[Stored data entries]
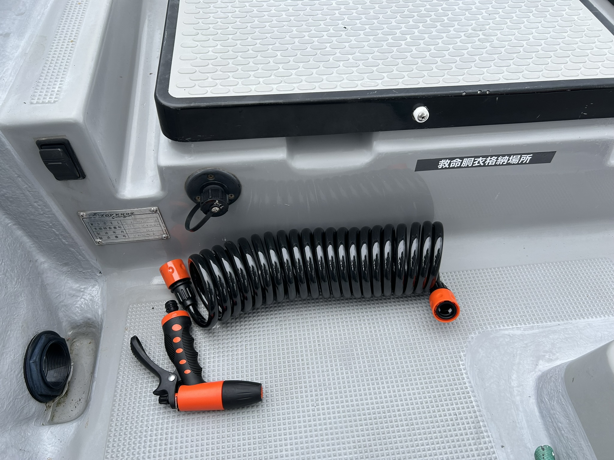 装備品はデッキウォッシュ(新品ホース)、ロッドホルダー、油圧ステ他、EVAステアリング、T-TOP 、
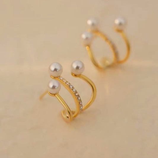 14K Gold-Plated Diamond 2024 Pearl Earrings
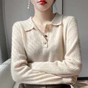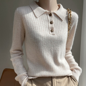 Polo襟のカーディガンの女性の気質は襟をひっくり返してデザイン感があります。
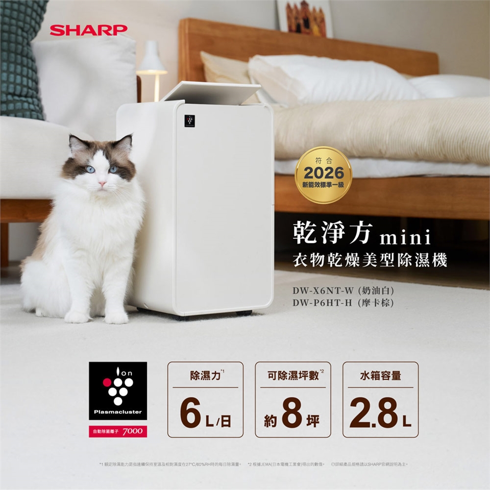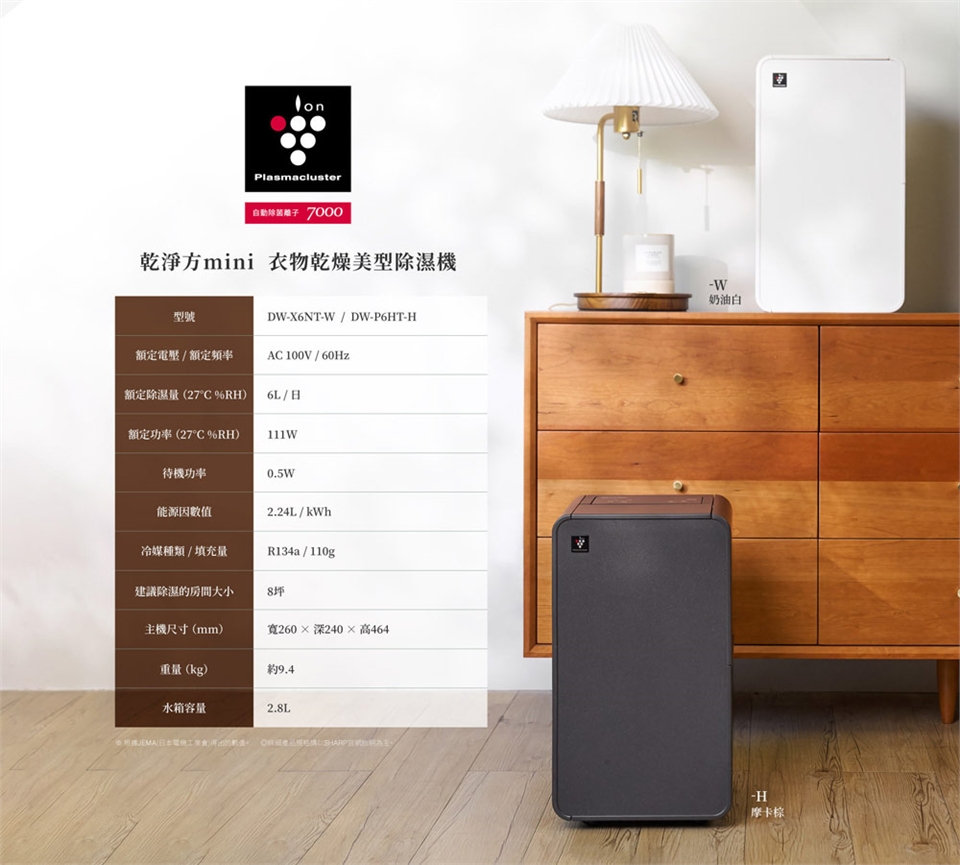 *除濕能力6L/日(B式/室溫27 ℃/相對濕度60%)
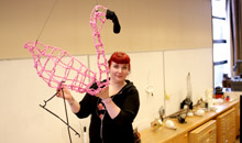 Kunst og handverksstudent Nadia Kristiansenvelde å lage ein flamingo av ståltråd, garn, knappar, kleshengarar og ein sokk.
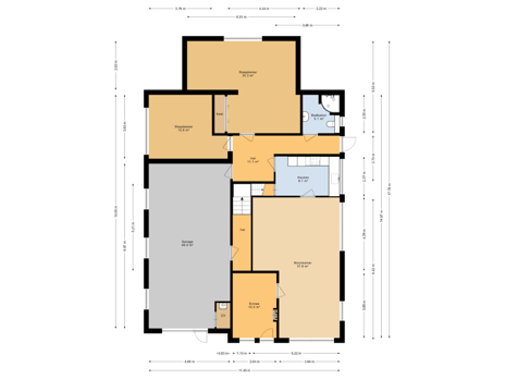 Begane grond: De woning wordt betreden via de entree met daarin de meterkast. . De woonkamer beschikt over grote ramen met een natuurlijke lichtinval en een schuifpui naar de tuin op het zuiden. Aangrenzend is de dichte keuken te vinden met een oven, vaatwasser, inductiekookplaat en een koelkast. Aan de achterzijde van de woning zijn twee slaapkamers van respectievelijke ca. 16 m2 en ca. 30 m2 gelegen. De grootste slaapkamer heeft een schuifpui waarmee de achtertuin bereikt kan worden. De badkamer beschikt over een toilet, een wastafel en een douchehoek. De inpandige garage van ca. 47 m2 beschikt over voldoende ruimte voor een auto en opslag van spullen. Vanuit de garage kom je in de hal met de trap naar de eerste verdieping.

**DIRECTIONS FOR THIS TASK**: Give every record again word for word, pictures excluded.

**EXERCISE SOLUTION**:
 装備品はデッキウォッシュ(新品ホース)、ロッドホルダー、油圧ステ他、EVAステアリング、T-TOP 、
 14K Gold-Plated Diamond 2024 Pearl Earrings
 Polo襟のカーディガンの女性の気質は襟をひっくり返してデザイン感があります。
 *除濕能力6L/日(B式/室溫27 ℃/相對濕度60%)
 Kunst og handverksstudent Nadia Kristiansenvelde å lage ein flamingo av ståltråd, garn, knappar, kleshengarar og ein sokk.
 Begane grond: De woning wordt betreden via de entree met daarin de meterkast. . De woonkamer beschikt over grote ramen met een natuurlijke lichtinval en een schuifpui naar de tuin op het zuiden. Aangrenzend is de dichte keuken te vinden met een oven, vaatwasser, inductiekookplaat en een koelkast. Aan de achterzijde van de woning zijn twee slaapkamers van respectievelijke ca. 16 m2 en ca. 30 m2 gelegen. De grootste slaapkamer heeft een schuifpui waarmee de achtertuin bereikt kan worden. De badkamer beschikt over een toilet, een wastafel en een douchehoek. De inpandige garage van ca. 47 m2 beschikt over voldoende ruimte voor een auto en opslag van spullen. Vanuit de garage kom je in de hal met de trap naar de eerste verdieping.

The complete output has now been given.